– Значит, я приду в три.
– Я ему обязательно передам, не беспокойтесь.
– Почему вы так подробно расспрашивали ее о ключах? – полюбопытствовал Финнеган, когда они с инспектором Найтом шли к остановке омнибуса. – Думаете, с этим новым приступом у Хилла что-то не так?
– Не знаю, я не врач, – пожал плечами инспектор. – Я лишь заметил, что Кэмпбелл сильно встревожился, когда увидел Хилла без сознания.
На остановке они расстались: Найт объявил, что сегодня больше никаких следственных действий не предвидится, и поехал в Скотланд-Ярд.
По дороге инспектор вдруг вспомнил, что уже три дня не навещал матушку с ее больной ногой. Он постарался успокоить свою совесть тем доводом, что оставленный им на Беркли-сквер камердинер присылал ему утром и вечером донесения о самочувствии графини и эти донесения с каждым разом становились все более оптимистичными. Однако Найт понимал, что такие оправдания не выдерживают критики – и особенно в глазах его матушки. Можно, конечно, заглянуть к ней попозже вечером, но она, несомненно, будет занята важнейшим делом – подготовкой своего туалета к завтрашнему приему. В этом случае его присутствие будет излишним…
Мысли инспектора естественным образом перетекли на Гросвенор-стрит – эта улица находилась в нескольких минутах ходьбы от дома графа Рэндалла. Сэр Уильям, заверил себя Найт, несомненно, сумеет образумить свою неугомонную племянницу и уберечь ее от посещений больницы Святого Варфоломея. Вернее, усмехнулся он, наоборот: уберечь больницу Святого Варфоломея от ее посещений.
Только вернувшись домой, Патрисия вспомнила, что не купила акварельную бумагу. «Придется признаваться сразу», – вздохнула девушка и постучала в дверь дядиного кабинета.

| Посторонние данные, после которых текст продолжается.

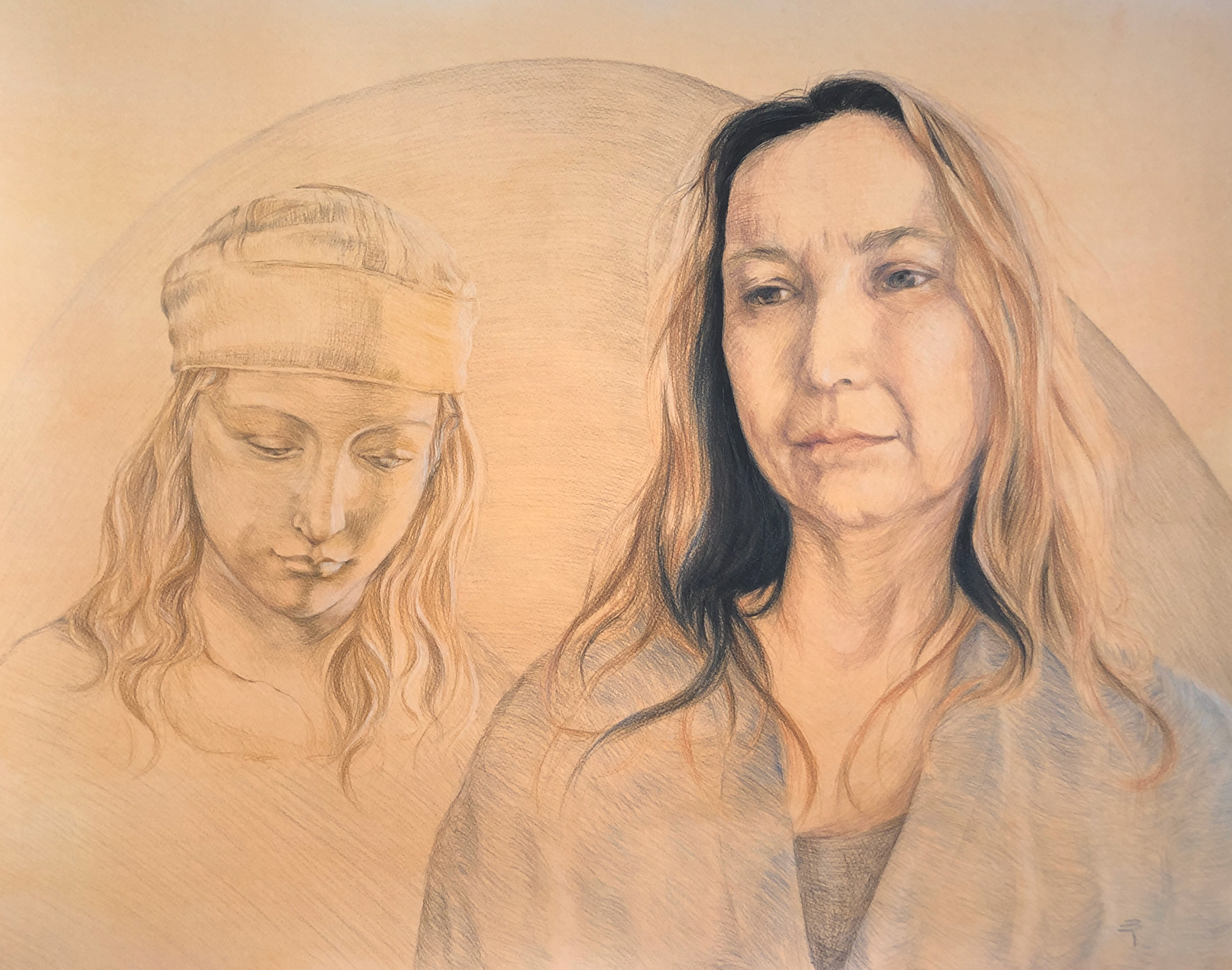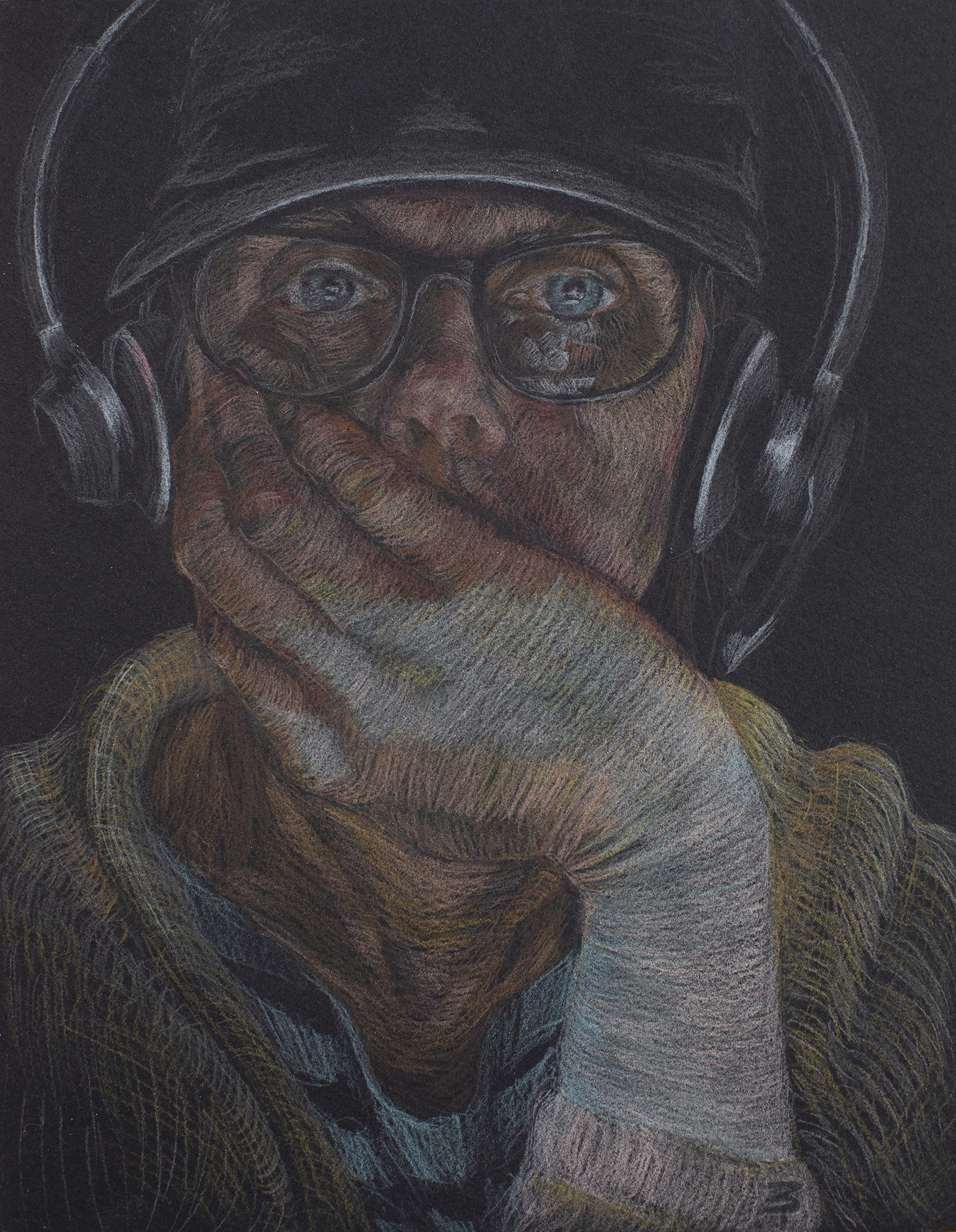 On Zoom, Self-portrait, 11"x8.5", 2021, Watercolor pencils
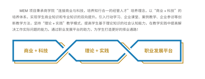 華理 MEM 課程體系緊密結合產業特點,重點研究智能制造、大數據分析、項目建設的主要管理模式與發展演化、模式要素與關系、新模式的創新與應用,其目標是讓畢業生成為兼具理論知識和產業知識的管理人才。
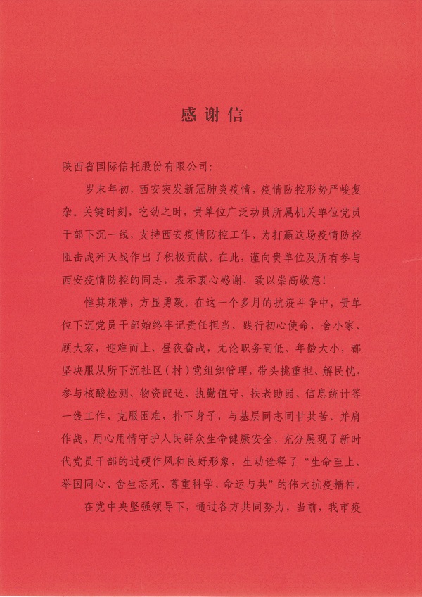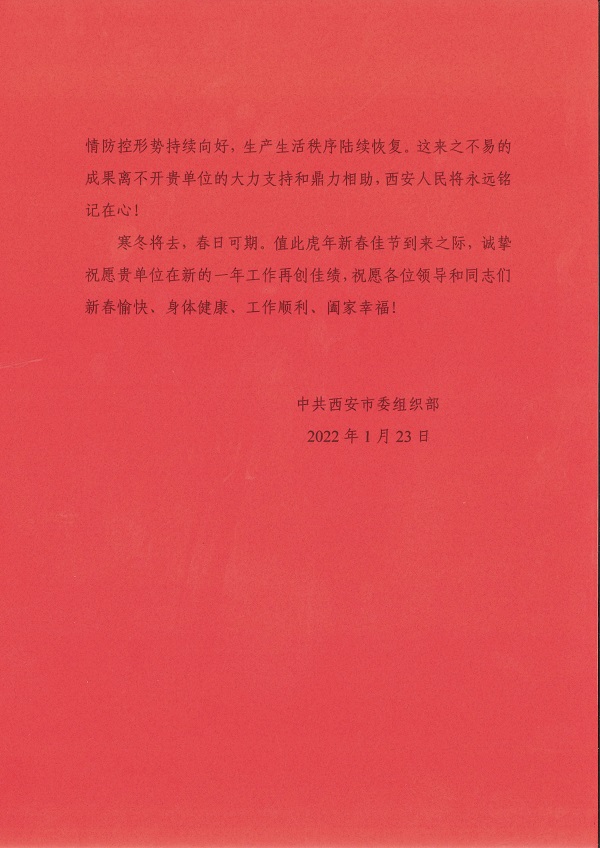 公司收到中共西安市委組織部發(fā)來的感謝信
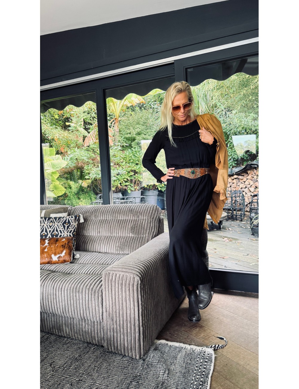 - tresse brodée à la taille milieu devant pour l'ajuster si besoin en la nouant au dos
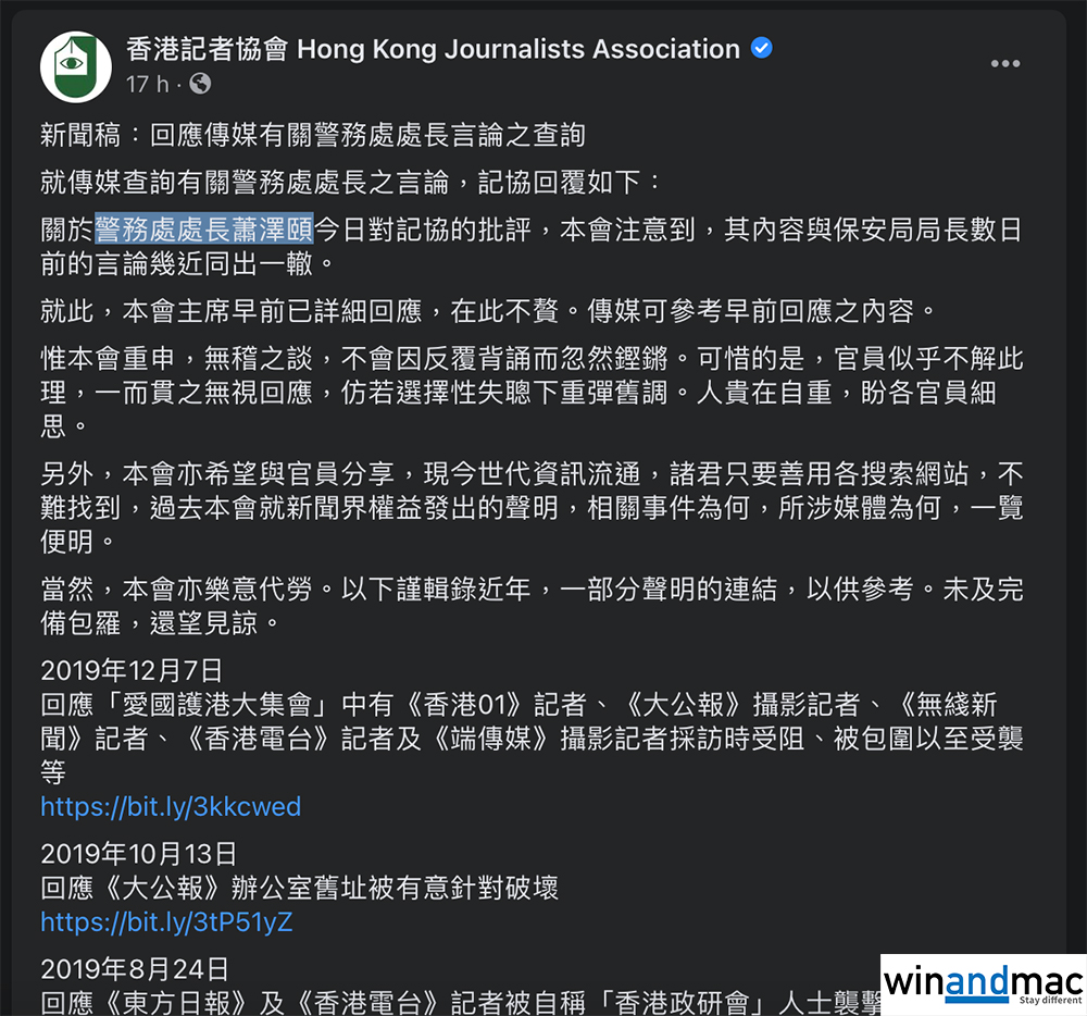 翻查資料,記協過往多次聲明中,多次為立場明顯親中的無綫新聞、香港01、甚至乎黨報大公報、環球時報、文匯報等採訪時受阻的事件,發表多次聲明譴責。當時亦有不少人批評記協為什麼要幫黨報或紅媒發聲。
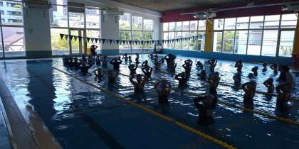 講堂兼体育館の建設工事のため、今年度のプール水泳は、ショウエイスポーツクラブみなとをお借りして実施します。
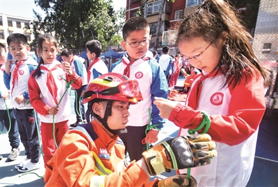 “手拿出来,假设是一个物体,在物体上面打两圈,短绳在长绳那边再绕两圈……”消防员耐心地向同学们讲解着逃生绳结的方法,“现在学会了,以后遇到紧急情况就可以使用。”
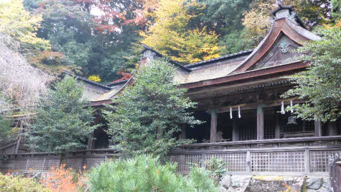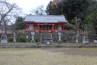 | 高城山をあとに、高城山の裾を巻いて下山し始める。往路行けなかった吉野水分神社にお参りした。社殿がコの字に配されていて、とても美しい神社だ。水の分配を司る天水水分大神(あめのみくまりのおおかみ)が主祭神だ。 |
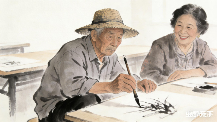 社区老年大学招画画班,居委会张婶硬拉着他去:“李叔,去耍耍!总比蹲墙根强!”

Войдя, она тут же поняла, что признание и не понадобится. Сэр Уильям оторвался от книги, окинул ее проницательным взглядом и постановил:
– Ты была в больнице!
– Да, – подтвердила Патрисия, виновато пряча глаза.
– Что ж, по крайней мере, не отрицаешь. Но ты меня очень огорчаешь, Пат. Мало того, что ты меня ослушалась, ты еще поехала туда одна!
– Но ведь ты бы со мной не поехал!
– Хм, в логике тебе не откажешь, – вздохнул пожилой джентльмен. – Боюсь, я уделял недостаточно внимания твоему воспитанию, наивно надеясь, что в Челтенхемской школе25 с этим справятся без меня. Безусловно, тебе дали там хорошее образование. К сожалению, теперь я вижу, что этого недостаточно. Юным девушкам, оказывается, постоянно нужен строгий контроль. До тех пор, пока наконец не посчастливится выдать их замуж, и желательно – на другой конец Англии.
– Я не хочу замуж! – взмолилась Патрисия. – Я хочу жить с тобой!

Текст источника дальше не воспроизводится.